The Gourds

The Gourds

Ghosts Of Hallelujah


It’s a remarkable thing to watch a band rise above the confines of their genre and become something more — something richer while at the same time less definable. On Ghosts of Hallelujah , the Gourds become simply a band. Not an “alt country” or “bluegrass” or “rock and roll” band, just a band. A great damn band, by the way. Traces of American music history are used as frameworks – “County Orange” builds upon the New Orleans classic “Junco Partner,” but in ways not readily apparent. The band’s interest in urban culture (shown on last years “Gin and Juice” reconstruction on GoGitYerShineBox ) is here in “Gangsta Lean,” which is one man’s perspective on the East Coast/West Coast madness.

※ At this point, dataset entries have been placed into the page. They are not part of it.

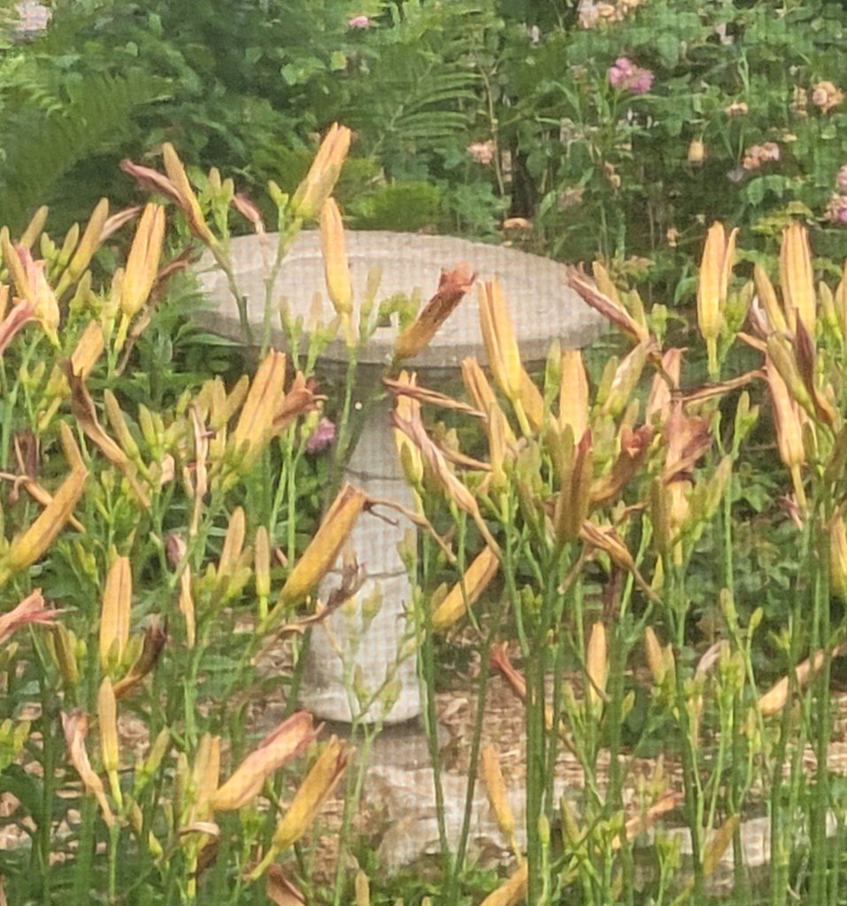 Liking the new to me birdbath. A giveaway from the neighbor.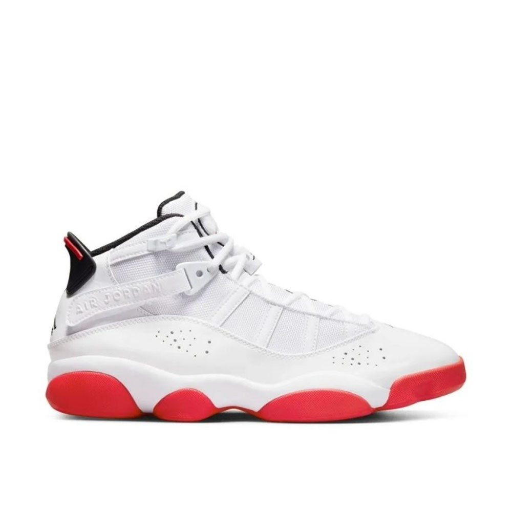 A Jordan 6 Rings White University Red a Jordan örökség ikonikus darabja, amely Michael Jordan hat bajnoki címének emlékét idézi. A prémium bőr felsőrész klasszikus fehér alapon, fekete és élénk piros részletekkel nyújt sportos, mégis elegáns megjelenést. A Zoom Air párnázás könnyed, rugalmas lépéseket biztosít, míg a masszív gumitalp stabil tapadást ad minden helyzetben. Tökéletes választás azoknak, akik időtálló stílust és teljesítményt keresnek egy sneakerben.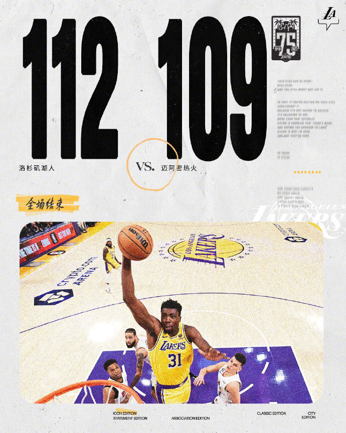 下半场,巴特勒和阿德巴约建立起联系,热火一度反超比分,但湖人顽强意志力总能咬住比分,双方展开胶着拉锯战,热火只有巴特勒和阿德巴约在状态,而湖人众将全民皆兵,后卫们联手布莱恩特总能给出回应,最后时刻湖人稍稍保持领先,奥拉迪波两罚一中,施罗德关键突破上篮基本杀死比赛,巴特勒绝平三分不中,最终湖人112-109险胜热火,拿到3连胜。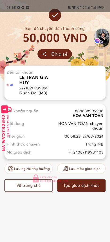Scammer Alert: Le tran gia huy Reported: November 16, 2024 Scammer Information Full Name: Le tran gia huy Payment Gate: Mb bank Payment Account: 2221020999999 Category: Marketplace scams Source: Checkscam Evidence Files Report Description Bán chuột razer cọc song nó chặn luôn, tuy mất không nhiều nhưng ae cẩn thận Comments Your comment Add Comment No comments yet. Be the first to share your experience with this scammer.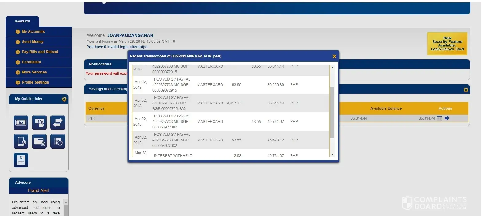 Yesterday April 2, 2018, when I check my online banking, I found out that there is 9, 417 Php deduction on my saving using PayPal and it was used on the same date April 2, 2018, with the details: POS W/D SV PAYPAL (CI [protected] MC SGP [protected].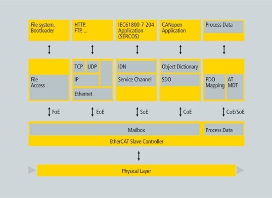 EtherCAT同时支援CANopen设备行规及Sercos驱动器行规。从CANopen或Sercos移植到EtherCAT时,在应用观点看到的内容是一様的,也可方便使用者或设备制造商的转换。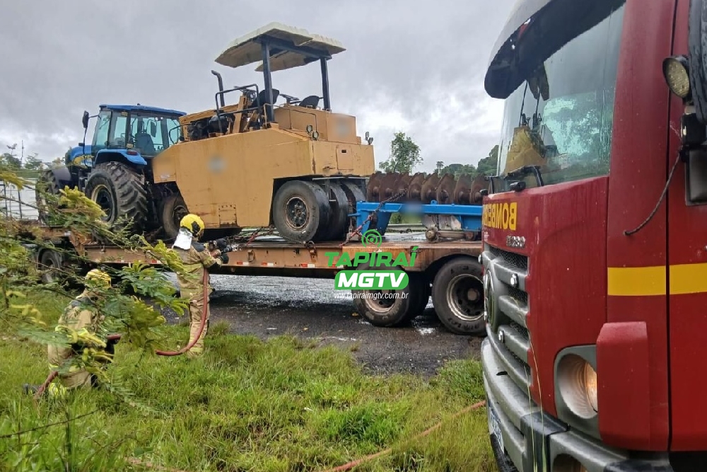 Ao avistar a viatura, o motorista parou no acostamento e os militares realizaram o combate às chamas, que estavam concentradas no eixo traseiro da carreta, que transportava uma máquina agrícola. O fogo ficou restrito ao eixo e não atingiu o restante do veículo nem a carga.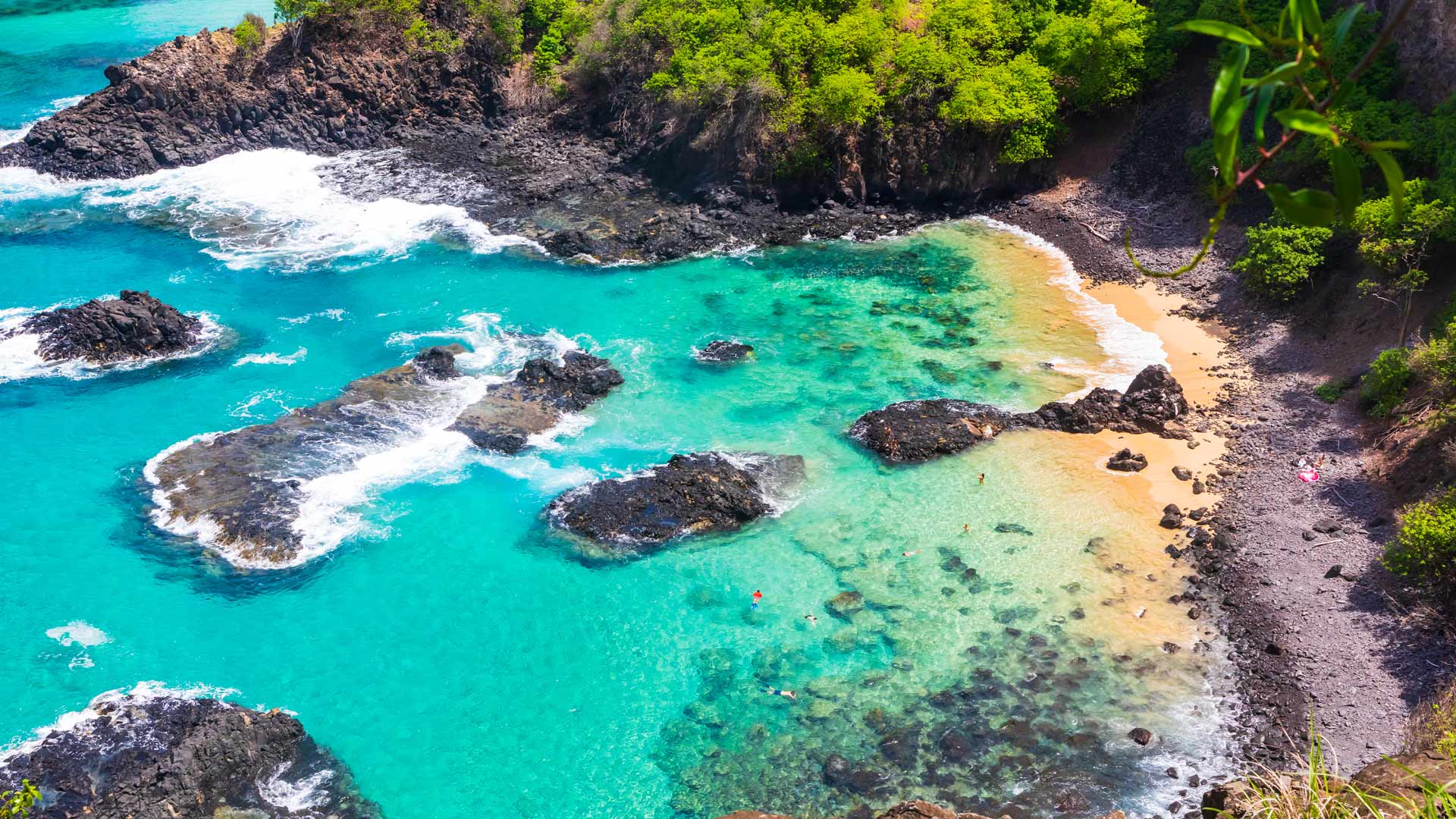 Um banho verde esmeralda Vista de Baía dos Porcos em Fernando de Noronha (© Reuber Duarte/Getty Images)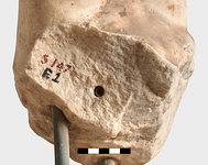 Upper part of chest preserved with front starts of neck and left arm, and 0.02m. or 0.03m. of right arm.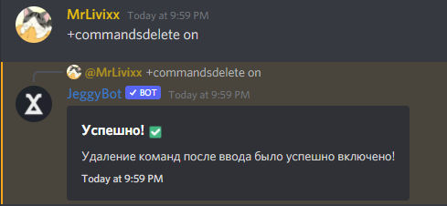 Теперь при использовании команды бот будет удалять распознанные команды.

Jimmy Smith rewrites Bowie’s “Jean Genie” with “Bean Bowl,” matching what they did to “Ziggy Stardust” on Shine Box . The Gourds play music so effortlessly, with such assurance that they bring to mind one group more than any other — the Band. In fact, Kevin Russell is a dead ringer for Levon Helm, and as a unit, the band moves as a single force to a common end, much like Robertson and company did all those years ago. This time around features some new faces, including Max Johnson — the multi-instrumentalist who appeared on Uncle Tupelo’s Anodyne and Wilco’s A.M. , who adds everything but the kitchen sink. Forget your prejudices against mandolins, banjos, and country folk and pick up this record — what starts out as a stranger will end up the night as a friend.